Yes, well shutting me up can be the issue.....
However, I gave a talk recently, in support of our Community Woodland, we are trying to record all the species found there. I haven't done a talk for a while, and when I got the projector out it was kaput. Fortunately it is possible to buy quite cheap, but low power projectors online these days. The one I bought for £85 will suffice for small group talks.
Here's the link to the talk slides - https://acrobat.adobe.com/id/urn:aaid:sc:EU:c1a9ef69-0611-4a91-92f3-0b1563bcce2b
The idea was to encourage recording of wildlife at Comrie Community Woodland in iRecord in an "Activity" and also to support identification with Obsidentify, but helping folk to understand that the AI is fallible and the outcomes need to be checked.

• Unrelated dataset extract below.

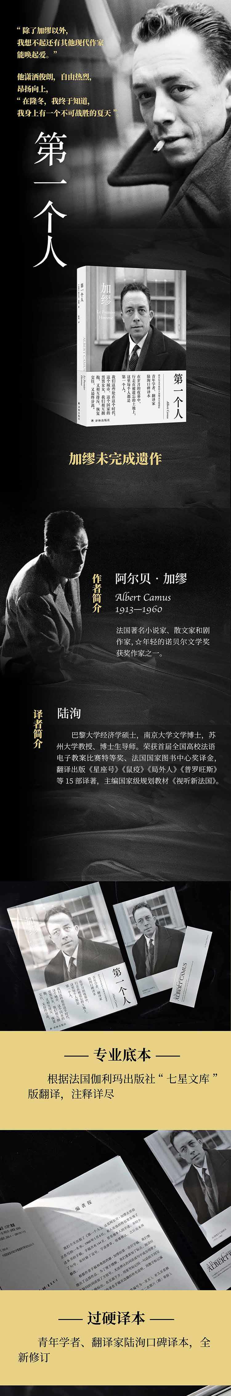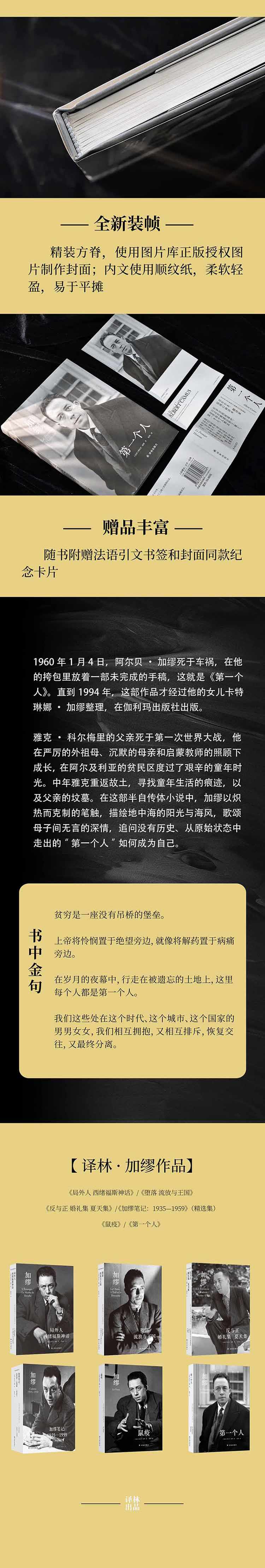 1. 诺贝尔文学奖得主加缪未完成遗作2. 青年学者、翻译家陆洵口碑译本,译文全新修订3. 精装方脊,使用图片库正版授权图片制作封面4. 随书附赠法语引文书签和封面同款纪念卡片

It seemed to go ok, the projector survived the outing, and excess cash over the room rental cost will go to Butterfly Conservation. This because I'm a verifier for BC for Orkney (still) so some of my iRecord learning is down to my involvement with BC.

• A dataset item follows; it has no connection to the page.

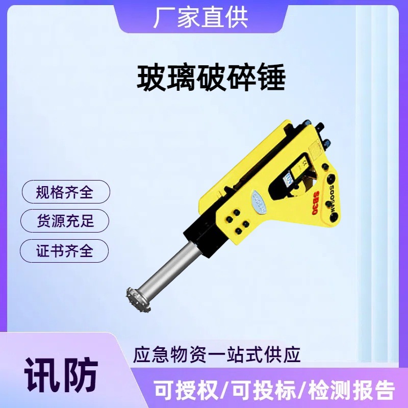 破碎锤采用狼牙棒式齿形锤头,不易滑脱,可与玻璃平面上下左右30度倾斜角范围内多角度多点不规则接触玻璃,大直径锤头,破拆面积大,当击破玻璃后,锤头狼牙齿会连同玻璃夹胶带走玻璃碎片,增加破拆效率。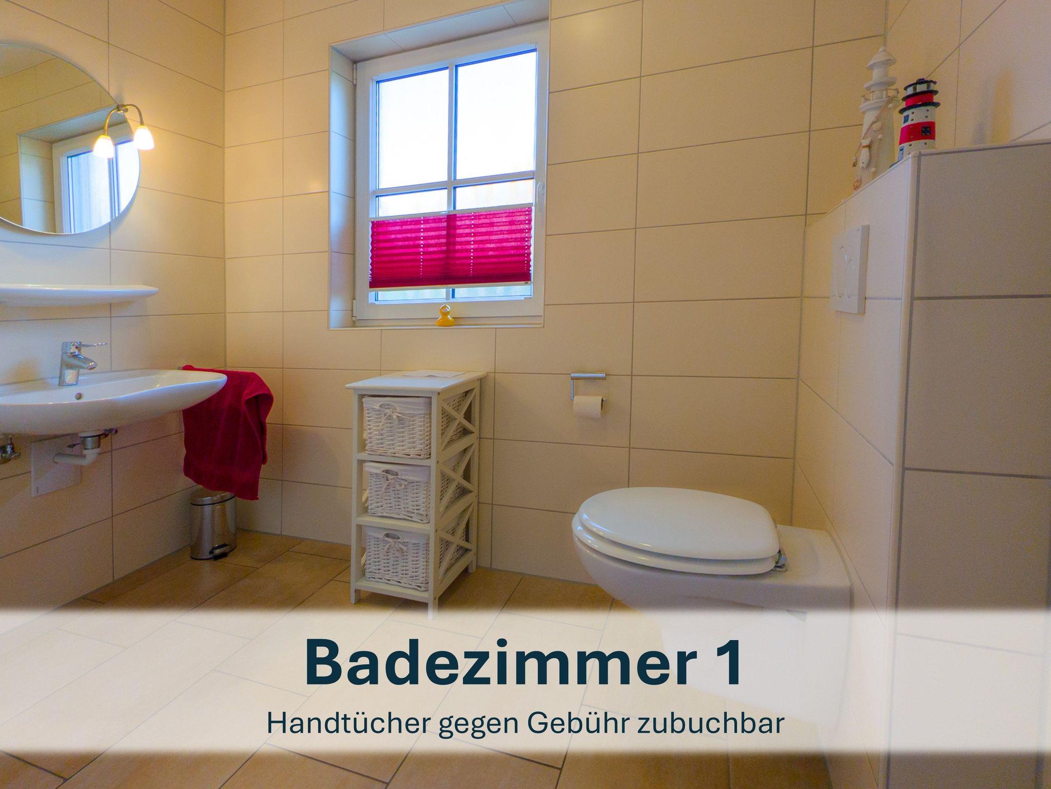 Zwischen den beiden Zimmern liegt das zweite Badezimmer mit Dusche, WC und Waschbecken.

I heard the first Chiffchaff of the year here the other day. New bird species for the Patch, on consecutive days were Peregrine and Green Woodpecker. The former was found on prey in one of the fields, when it was flushed by a Buzzard stealing its prey, a second bird appeared and they called and squabbled as they headed off. The Green Woody was calling repeatedly from across the Ross somewhere as we were chatting over the garden gate yesterday afternoon. 30 Curlew have been on the sheep fields and Pied Wagtails are re-appearing.
Hand-held bin-scoped, 30mm macro through x8 bins, I don't always carry a telephoto lens these days. |
There was a hybrid Hoodie/Carrion in attendance as well. And talking of bins I'm just using the (relatively) cheap Nikons (see a previous post) all the time. They are light, fit in the hand nicely, pin-sharp, focus very close and are just great to use. These are really very nice bins for the what I need them for these days, I guess I could have splashed out on one of the more expensive versions, but I'm not sure how much more gain I would have got for much more money.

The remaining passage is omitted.